## Your objective
Only the lines from the first line of the records through the line containing "猫脚 / ホワイト×ブルーダマスク 布地" belong in the answer. Copy them exactly.

BEGIN Records for the task

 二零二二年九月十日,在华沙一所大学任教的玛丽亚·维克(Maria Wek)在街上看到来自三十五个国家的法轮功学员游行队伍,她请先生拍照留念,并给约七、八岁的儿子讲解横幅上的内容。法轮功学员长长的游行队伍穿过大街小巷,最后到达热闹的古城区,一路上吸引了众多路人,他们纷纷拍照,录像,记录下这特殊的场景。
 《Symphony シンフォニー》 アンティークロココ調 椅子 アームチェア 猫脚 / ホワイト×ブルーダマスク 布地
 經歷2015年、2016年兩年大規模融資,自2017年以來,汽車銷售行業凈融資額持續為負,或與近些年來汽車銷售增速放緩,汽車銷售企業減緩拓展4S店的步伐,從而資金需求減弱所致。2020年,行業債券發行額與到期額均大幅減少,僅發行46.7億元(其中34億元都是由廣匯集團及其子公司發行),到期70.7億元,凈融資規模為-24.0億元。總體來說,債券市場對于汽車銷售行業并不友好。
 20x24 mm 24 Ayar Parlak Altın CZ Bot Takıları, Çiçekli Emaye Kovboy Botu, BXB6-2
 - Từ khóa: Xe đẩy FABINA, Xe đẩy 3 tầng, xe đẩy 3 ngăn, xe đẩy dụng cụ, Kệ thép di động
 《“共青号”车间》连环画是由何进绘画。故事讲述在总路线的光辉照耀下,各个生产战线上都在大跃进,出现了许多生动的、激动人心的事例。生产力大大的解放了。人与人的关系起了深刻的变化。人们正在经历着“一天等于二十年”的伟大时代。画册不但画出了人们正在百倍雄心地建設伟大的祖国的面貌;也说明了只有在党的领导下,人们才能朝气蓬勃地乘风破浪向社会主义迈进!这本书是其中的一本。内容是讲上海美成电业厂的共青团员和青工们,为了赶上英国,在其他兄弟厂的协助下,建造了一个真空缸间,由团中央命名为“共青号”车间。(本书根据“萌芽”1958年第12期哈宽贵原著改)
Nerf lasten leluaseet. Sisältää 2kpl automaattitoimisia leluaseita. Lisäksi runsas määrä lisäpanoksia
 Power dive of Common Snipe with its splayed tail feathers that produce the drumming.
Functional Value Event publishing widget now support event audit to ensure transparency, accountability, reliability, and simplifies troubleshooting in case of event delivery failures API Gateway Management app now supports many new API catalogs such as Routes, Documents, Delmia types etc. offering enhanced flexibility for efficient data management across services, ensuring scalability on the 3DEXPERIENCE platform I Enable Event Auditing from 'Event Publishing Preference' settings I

END Records for the task

## Answer
 二零二二年九月十日,在华沙一所大学任教的玛丽亚·维克(Maria Wek)在街上看到来自三十五个国家的法轮功学员游行队伍,她请先生拍照留念,并给约七、八岁的儿子讲解横幅上的内容。法轮功学员长长的游行队伍穿过大街小巷,最后到达热闹的古城区,一路上吸引了众多路人,他们纷纷拍照,录像,记录下这特殊的场景。
 《Symphony シンフォニー》 アンティークロココ調 椅子 アームチェア 猫脚 / ホワイト×ブルーダマスク 布地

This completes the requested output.